# Some litters, some mice, some rats, some NEW animals! ;)



## Rhasputin (Feb 21, 2010)

Just had a fun photo time in the mouse room. Intended to only get a few pics, but got all happy with the camera. :lol: 
So here they is! 

First a cute pile of REW / Platinum ASFs. I guess my REWs are 'platinums' if they're producing platinums with black eyes. But with RE, you can't see the black on the ears. Interesting! You can see the BE ones have black ears, which makes them platinum. 

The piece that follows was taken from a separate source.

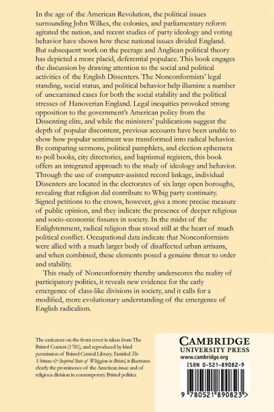 Preface List of tables, figures and maps Abbreviations 1. An introduction to religion in eighteenth-century political culture Part I. The Legal Status, Social Structure, and Ideology of Nonconformity: 2. Nonconformity, the law, and society 3. Nonconformity in politics: influence and independence 4. The dissenting pulpit, political ideology, and American independence 5. The dissenting pulpit and political radicalism in England Part II. Poll Books, Parliamentary Politics, and Nonconformity: 6. The dissenting interest and the American crisis in Bristol 7. The dissenting vote and electoral independence in Brstol and Great Yarmouth 8. Deference and the dissenting vote in Newcastle, Liverpool, Hull, and Colchester Part III. Petitions for Peace, Nonconformity, and Popular Politics: 9. The petitions of 1775: popular politics and the American crisis 10. The petitioners of 1775: law, social status, and religion Conclusion Appendix Bibliography Index.

Here's a litter brand new from last night. An umbrous agouti doe, paired with a 'red' (either RY or brindle, very very rich dark red mouse) buck. Not sure what's in this litter, but looks like either some really dark agouti, or some black for sure, maybe a blue (not sure if the buck carries it, know the doe does) and I really would like another red!  
I suppose if the red doesn't show up at all in this litter. . . I can assume the buck must be RY. . . right? Couldn't be dominant red, and couldn't be brindle if no red shows up in the litter, right? Unless really bad odds turned out, huh? :lol: 









Here's my new BUG set-up! The drawers house meal worms, and super worms, and the Kritter Keepers house 2 different species of roaches. The green one has 6 spotted roaches in it (20 of them), and the blue one has halloween hissing cockroaches! 

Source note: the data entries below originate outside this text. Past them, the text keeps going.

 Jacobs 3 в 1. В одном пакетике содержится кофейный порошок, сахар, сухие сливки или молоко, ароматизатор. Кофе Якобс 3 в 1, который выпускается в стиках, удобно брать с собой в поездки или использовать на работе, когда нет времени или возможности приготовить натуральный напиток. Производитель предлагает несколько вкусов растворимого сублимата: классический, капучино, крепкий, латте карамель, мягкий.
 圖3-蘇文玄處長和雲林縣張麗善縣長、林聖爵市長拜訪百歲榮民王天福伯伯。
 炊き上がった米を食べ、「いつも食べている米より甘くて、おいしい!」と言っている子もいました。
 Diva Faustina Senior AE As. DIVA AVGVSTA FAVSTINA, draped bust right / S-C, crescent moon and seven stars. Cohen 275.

Here's a photo of one of my lady cockroaches. This is one of the Halloween Hissers. The 6 spotted roaches do not like to be handled. :lol: 









Here's 2 5-6 week old PE splashed bucks. These were bred purely for type improvements, I intend to use them firstly to greatly improve the type of my hairless mice. 
Originally I only wanted to keep one buck, but accidently kept two (whoops!). These are bucks from a litter that is being sent WEST! To Kansas and. . . wherever else, lol.
Anyone need a typey buck?









And again.









Of course it never hurts to have typey mice on hand for any purpose. So I kept a doe as well. Not sure if she'll be nicer than her mother, but she was one of the nicest, if not THE nicest, one in the litter. So who knows! Unfortunately every photo of her refused to be normal, so she is glowing. :lol: 









While I was snapping all these photos. . . I had an audience!
(Kitty (blue manx) Rat boy (Himi rex buck) and Agouti booty (the uh. . .agouti, lol) )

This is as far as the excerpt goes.